Untold Games director Elisa Di Lorenzo adds: “It shows how it is no longer seen as a niche thing, but that it will really become something accessible to a wide range of users from different backgrounds in the near future.
Facebook very probably sees VR as the next great revolution after the mobile one – which is obviously not only limited to video games – and wants to be on board.
“We obviously don’t know the details of the agreement between Oculus VR and Facebook, but if Oculus is going to keep working in an independent way, we’d be facing the biggest revolution after television and being part of it would be an honour.”
It helps that there is a hugely vocal audience out there hungry for VR experiences, helped considerably by coverage for titles like Loading Human, which won two awards in the Selected Projects competition at last month’s Game Connection America during GDC.
We need high-end PCs to run VR games for now, but with the evolution of mobile technology, in a few years we’ll have high-resolution stereoscopic graphics that can be handled by a simple smartphone.
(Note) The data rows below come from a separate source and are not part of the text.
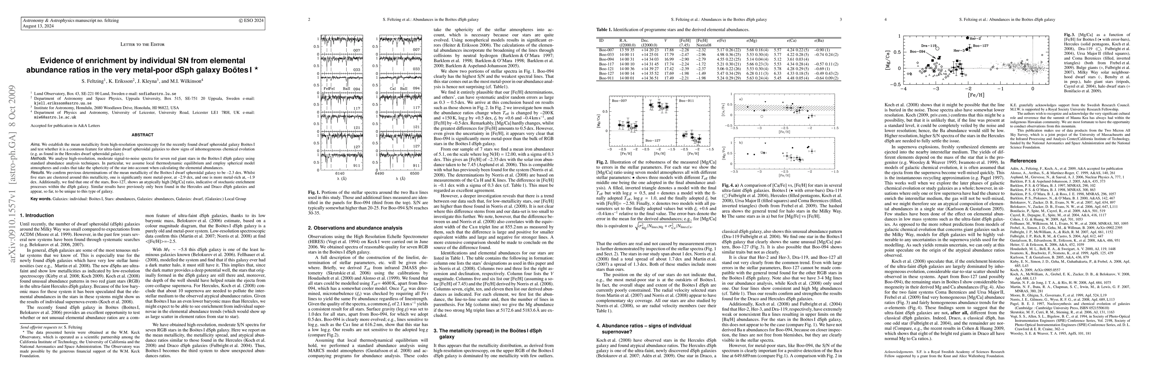 The paper presents a detailed analysis of elemental abundances in red giant stars of the Bootes I dSph galaxy, demonstrating the application of spherical model atmospheres and codes to account for stellar sphericity in abundance calculations.
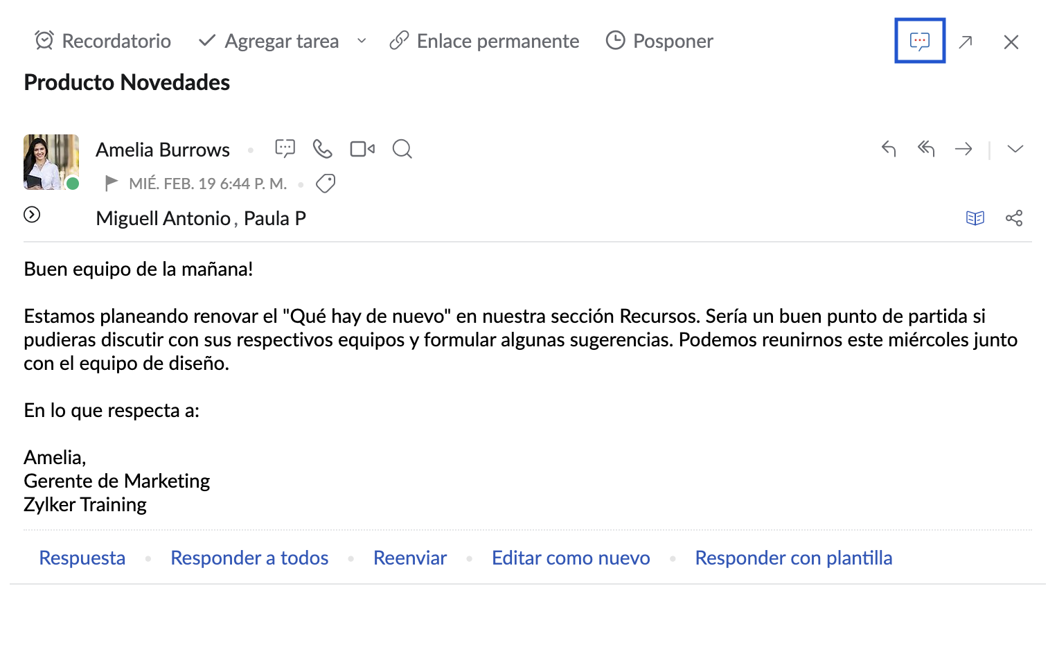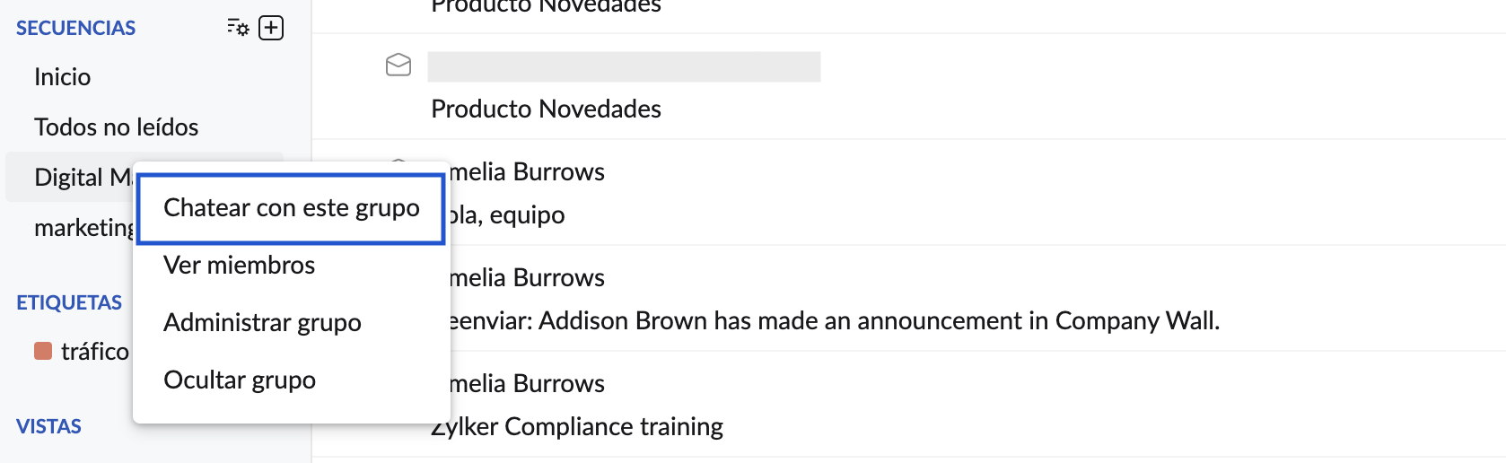 Integración de Zoho Cliq en Zoho Mail
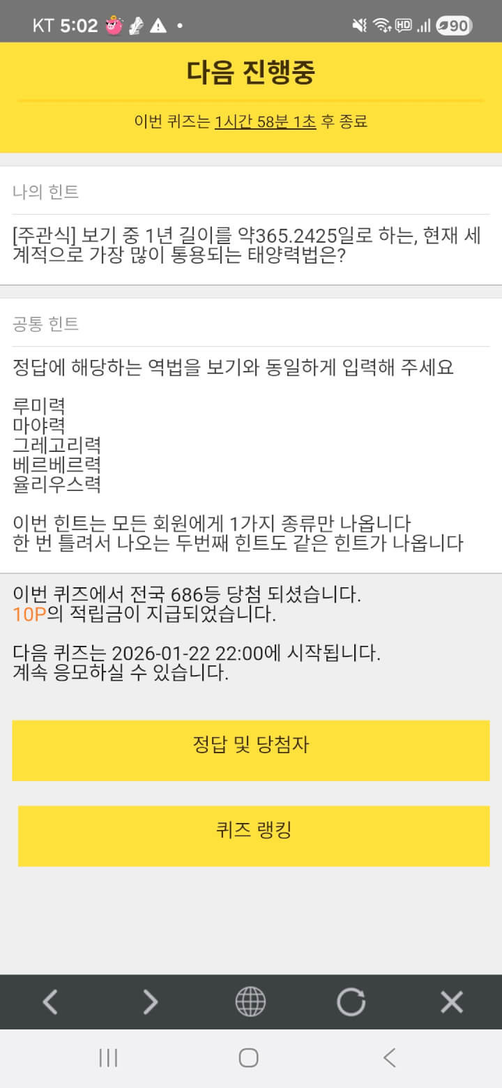 퀴즈 10원 받았어요
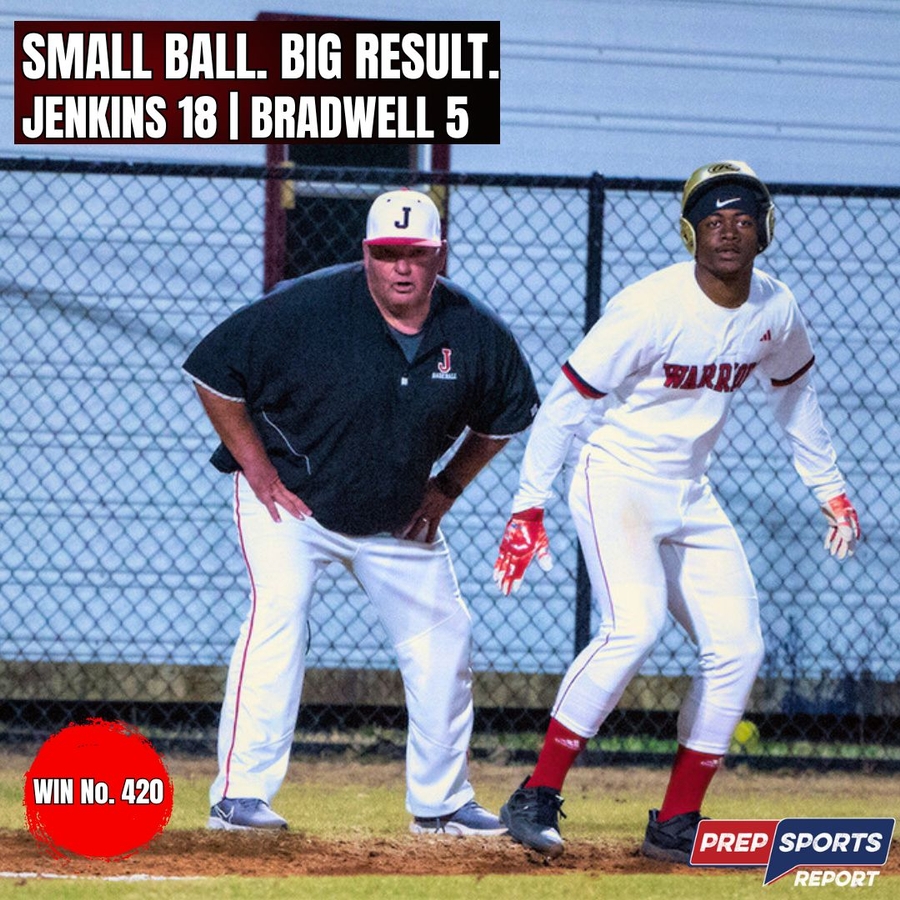 The overall result was Jenkins’ 18-5 win in five innings by mercy rule over Bradwell Institute at Terry Webb Field. The Warriors improved to 1-1 this season on a cold February evening, and the victory was the 420th in Gaspin’s head coaching career that spans nearly 30 years at four high schools, including three separate stints at Jenkins.
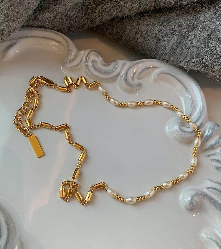 Snake-Chain Double Layer Beads Baroque Pearl Necklace
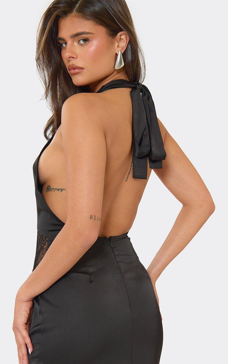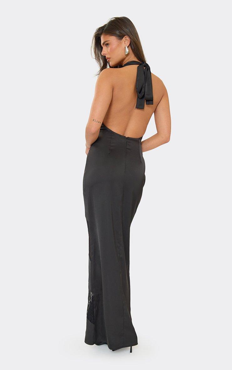 Plunge Halterneck Contrast Lace Panel Detail Maxi Dress In Black Satin
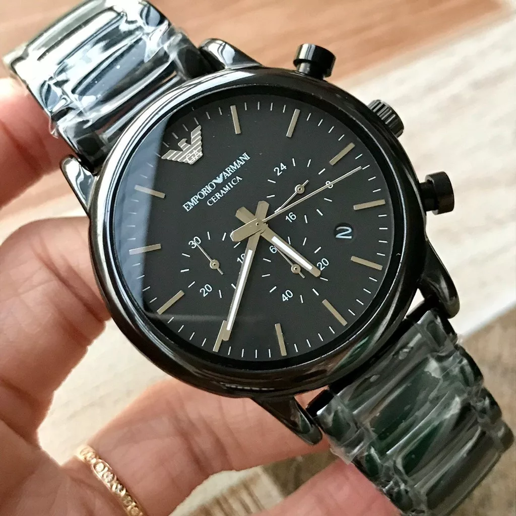 Emporio Armani AR1507 is a refined minimalism accessory for men. The watch case is made of ceramics with a jet black coating. Matte black dial is decorated with three subdials with unique design and contrasting silver indexes and hands. Features a date window and a stopwatch. Powered by Quartz. Water-resistant and protected by mineral glass to ensure you a long quality service. The perfect staple for a confident man’s wardrobe.
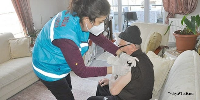 Tekirdağ`ın Muratlı ilçesinde sağlıkçıların ardından yaşlı vatandaşlara da CoronaVac aşısı uygulanmaya başladı. İlçede son olarak 80 yaşındaki Ahmet Atılgan?a ikametinde korona aşısı yapıldı. Tüm sağlık kurallarına riayet edildiği aşılamalarda, şimdiye kadar herhangi bir sorun ve şikâyetle karşılaşılmaması sevindirdi.
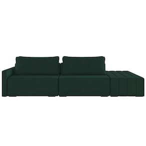Eleve seu espaço de convivência a novos patamares de luxo com o Sofá Ilha Modular com Puff para Sala Living 232cm Georgia K04 Veludo Verde, da Mpozenato!
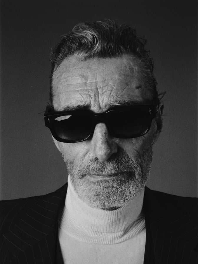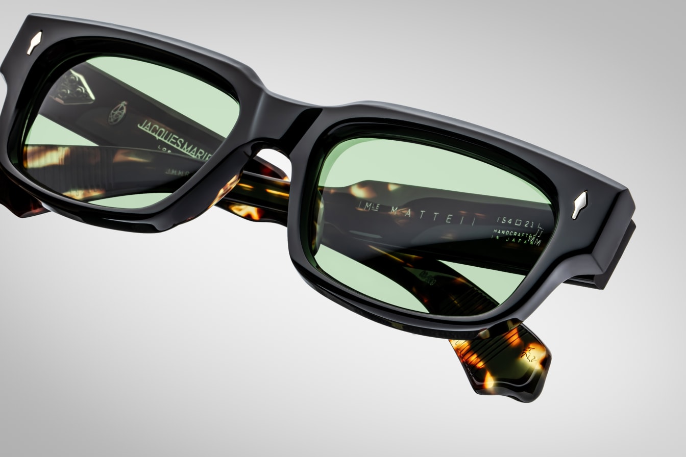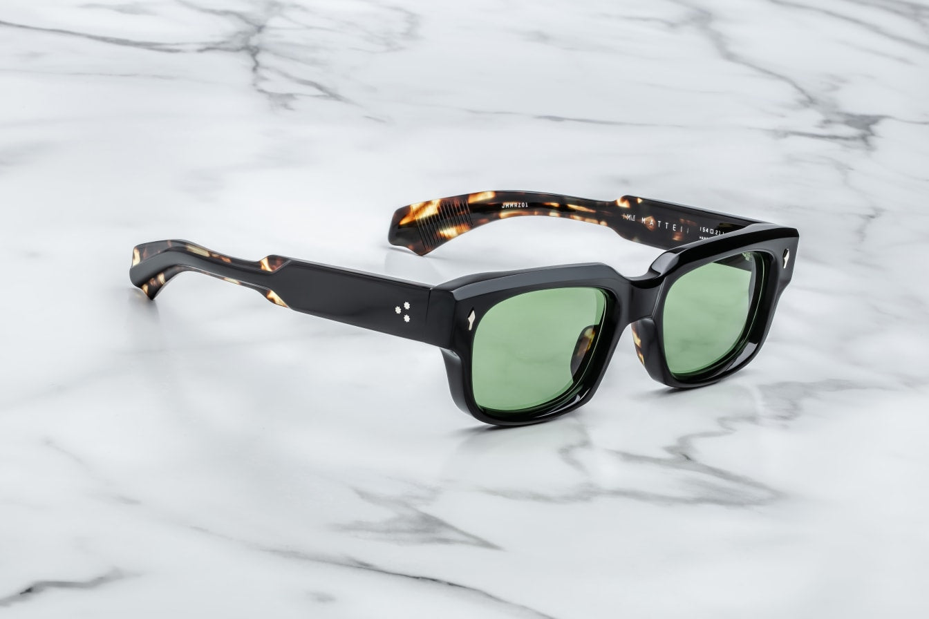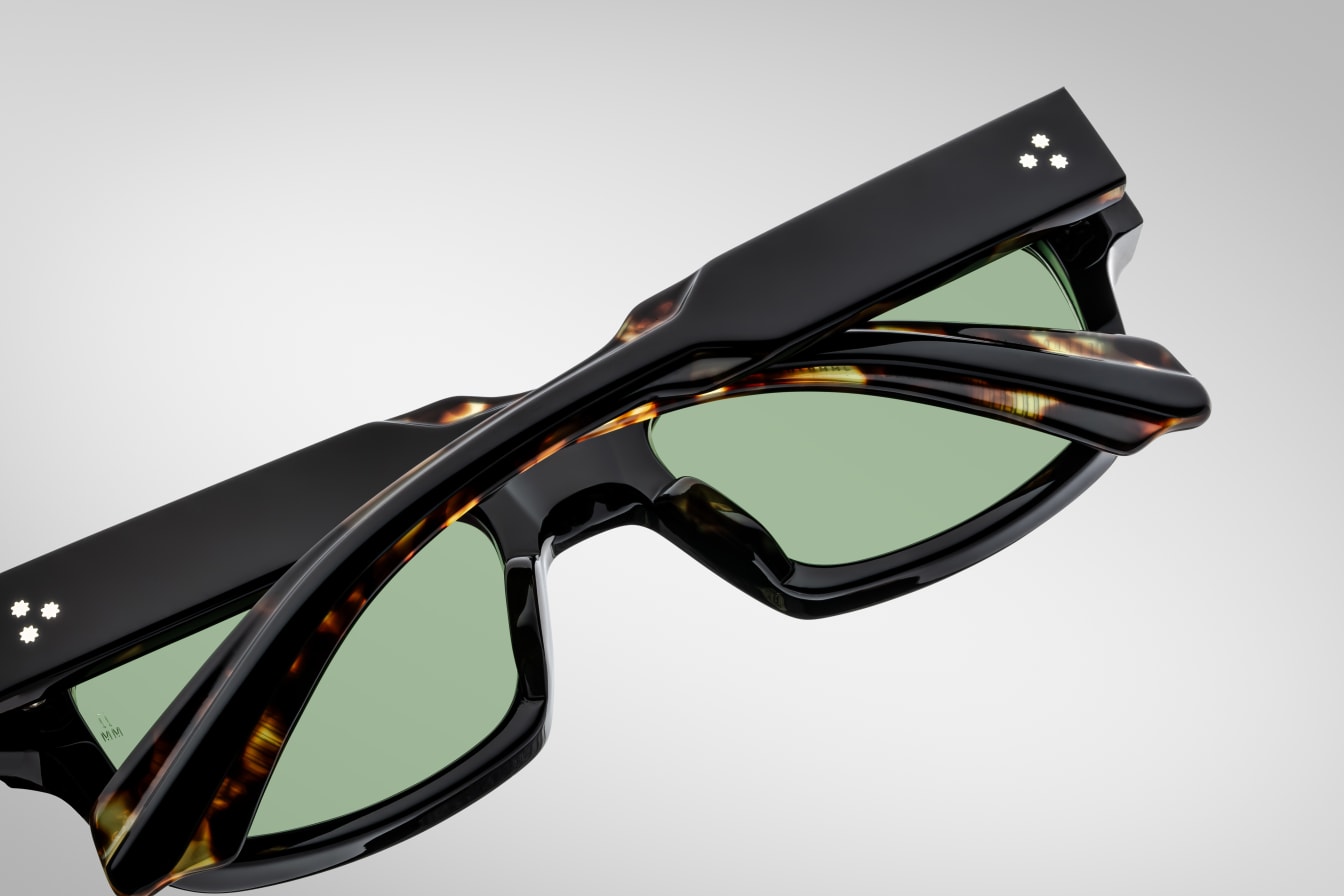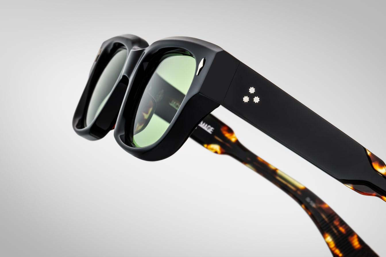 Refined, rectangular, ‘60-inspired spectacles with a medium fit, complemented by sculptural temples with oversized ergonomic tips and our signature precious metal details.

Elisa Di Lorenzo, Untold Games
The rising awareness of how quickly virtual reality is developing is playing into a broader shift in how consumers engage with their entertainment experiences. And while the VR experience may currently be locked to unfinished hardware tethered to a high-end PC, Di Lorenzo expects it to become accessible on a much wider scale in future.
“Maybe ten years ago, the general public wouldn’t have been ready for VR,” she says. “We’re seeing an ongoing transformation of how people experience games and entertainment in general, and now not only is the technology ready to deliver VR, but people are really ready for it, too.
“We need high-end PCs for now, but with the evolution of mobile technology, in a few years we’ll have high-resolution stereoscopic graphics that can be handled by a simple smartphone.”
There are, of course, other technical barriers that need to be overcome before virtual reality headsets will make it into everyone’s homes. Aside from the aforementioned motion sickness, Untold believes commercial VR headsets much be wireless for improved mobility, offer more ‘natural’ interfaces and increased resolutions, and be less than $200.
“In our opinion, most of those things will be solved with the first generation of mass marketed goggles,” says Di Lorenzo. “And in the next four years, we should see really cheap VR headsets, wireless and with retina-like screens.
“No one can ever be 100 per cent sure of anything, but we strongly believe VR is here to stay. It is going to bring something completely new to games. It’s not just a matter of playing the games we’re used to in a different way; it’s the possibility to experience completely new gameplay, a new world of experiences that we really haven’t even imagined yet.”
Parenti agrees: “Headsets will become cheaper and cheaper, and there will be as many headsets as there are now mobile phones. All of them will have different characteristics, and probably there will be a standard ‘marketplace’ where you can get all the games and apps. VR is only the beginning of the gaming revolution.”
Want to get involved in our VR special all this week? Have something to say about virtual reality and what it means for developers? Email James.Batchelor@intentmedia.co.uk to find out how you can take part.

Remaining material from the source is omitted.